Sensory Components of Balance

  • Somatosensory: Skin receptors (60-70%) detect motion of the body with respect to the support surface.
  • Proprioceptive: Muscle spindles and Golgi tendon organs detect motion of body segments relative to each other.
  • Visual: Eyes (10-20%) detect motion of the body with respect to extrapersonal space.
  • Vestibular: Inner ear (10-20%).

Postural Strategies

  • Ankle Strategy
  • Hip Strategy
  • Stepping Strategy

Rules of Balance Training

  • Exercise must be safe & challenging.
  • Stress multiple planes of motion.
  • Incorporate a multisensory approach.
  • Progress from static, bilateral & stable surfaces to dynamic, unilateral & unstable surfaces.
  • Adequate function in the open chain is critical as a first step in rehabilitation.
  • Progress towards sports-specific exercises.
  • Functional rehabilitation should occur in the closed kinetic chain.
  • Utilize open areas and keep assistive devices within reach.
  • Sets and repetitions: 2-3 sets, 15-30 repetitions or 10 reps for 15-30 seconds.
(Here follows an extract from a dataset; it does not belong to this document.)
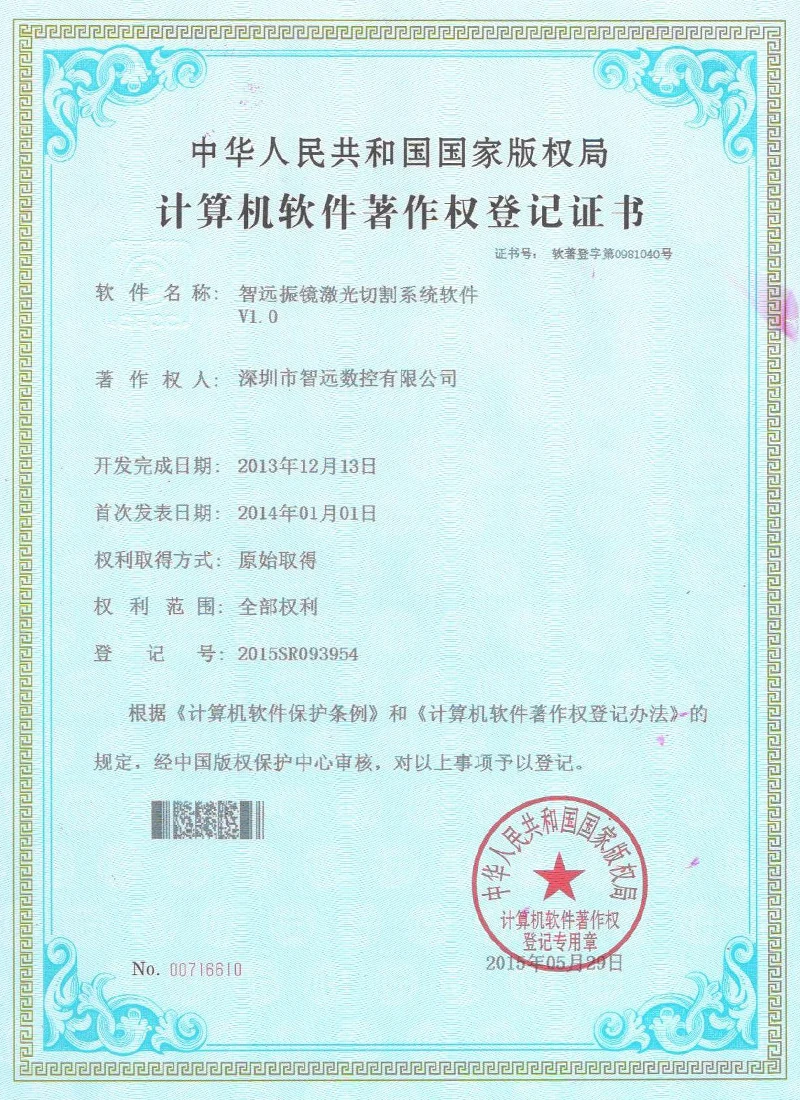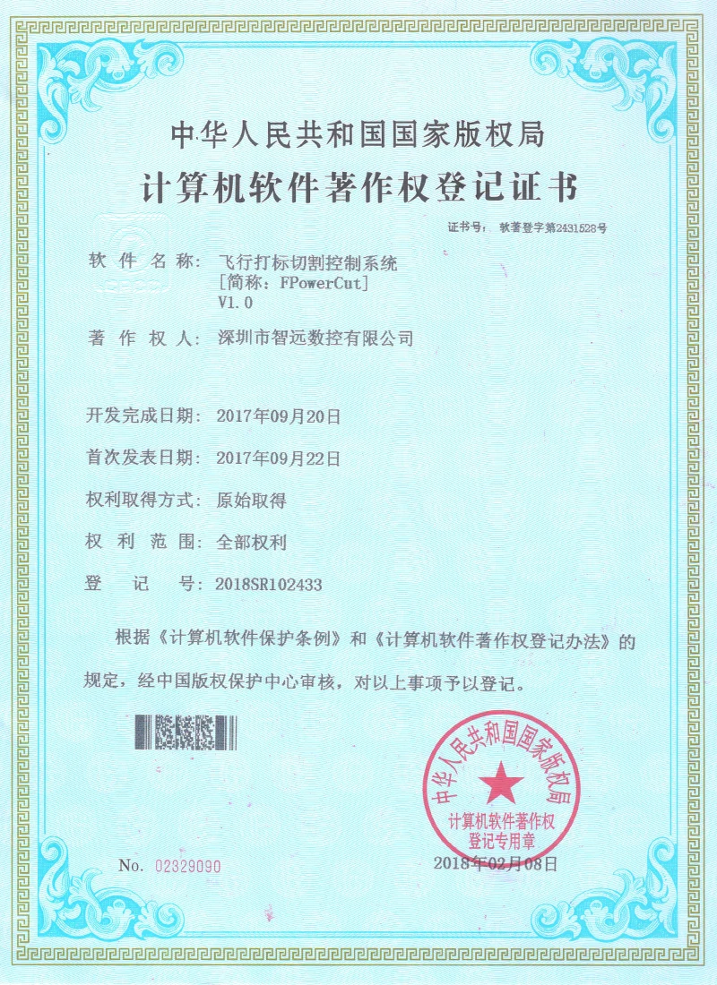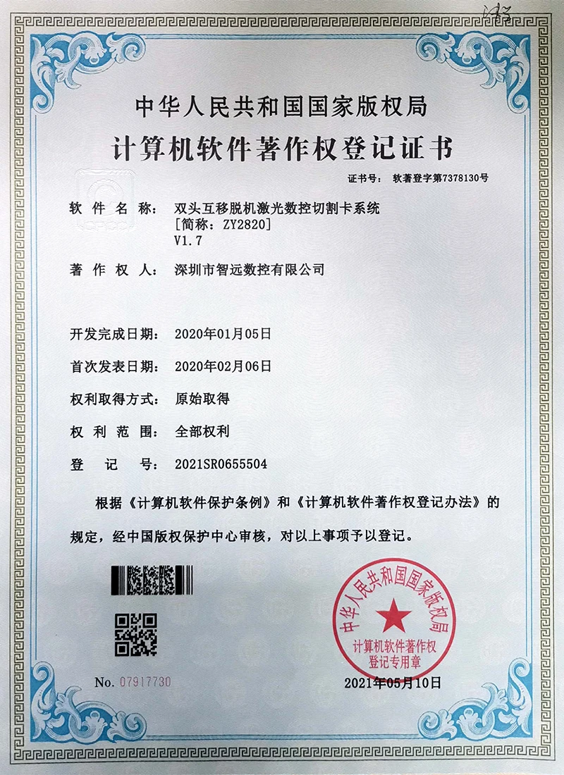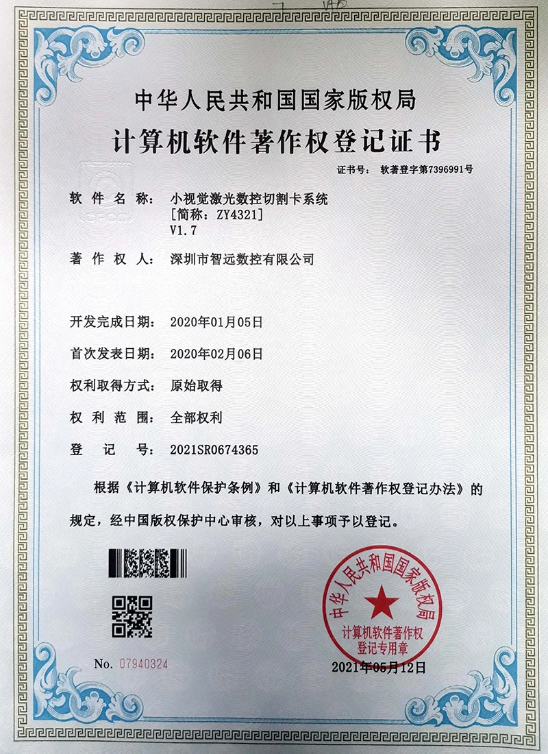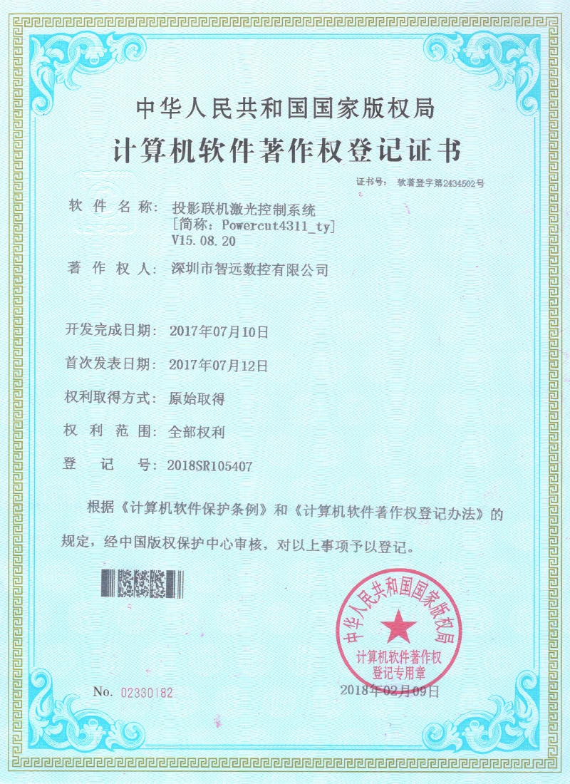 Vetítés online lézeres vezérlő rendszer; MARK point vision online laser control software; Galvanométer kettős repülés offline vezérlőrendszer; Vibrációs késvezérlő kártya rendszer v2; Kis látás online automatikus csavaros zárógép vezérlő kártya rendszer v12; Ablakpapír -géprendszer; Zhiyuan Galvanométer lézeres vágó rendszer szoftver; Kettős gerenda kölcsönös mozgásvezérlő rendszer; Shenzhen Zhiyuan CNC Visual Laser Cuting Control szoftver.

FITT: Type of Balance Exercises

  • Static: COG is maintained over a fixed base of support on a stable surface.
  • Semi-dynamic:
    • Person maintains COG over a fixed base of support while on a moving surface.
    • Person transfers COG over a fixed base of support to selected ranges while on a stable surface.
  • Dynamic: Maintenance of COG over a moving base of support while on a stable surface (involve stepping strategy).
  • Functional: Same as dynamic with the inclusion of sports-specific tasks.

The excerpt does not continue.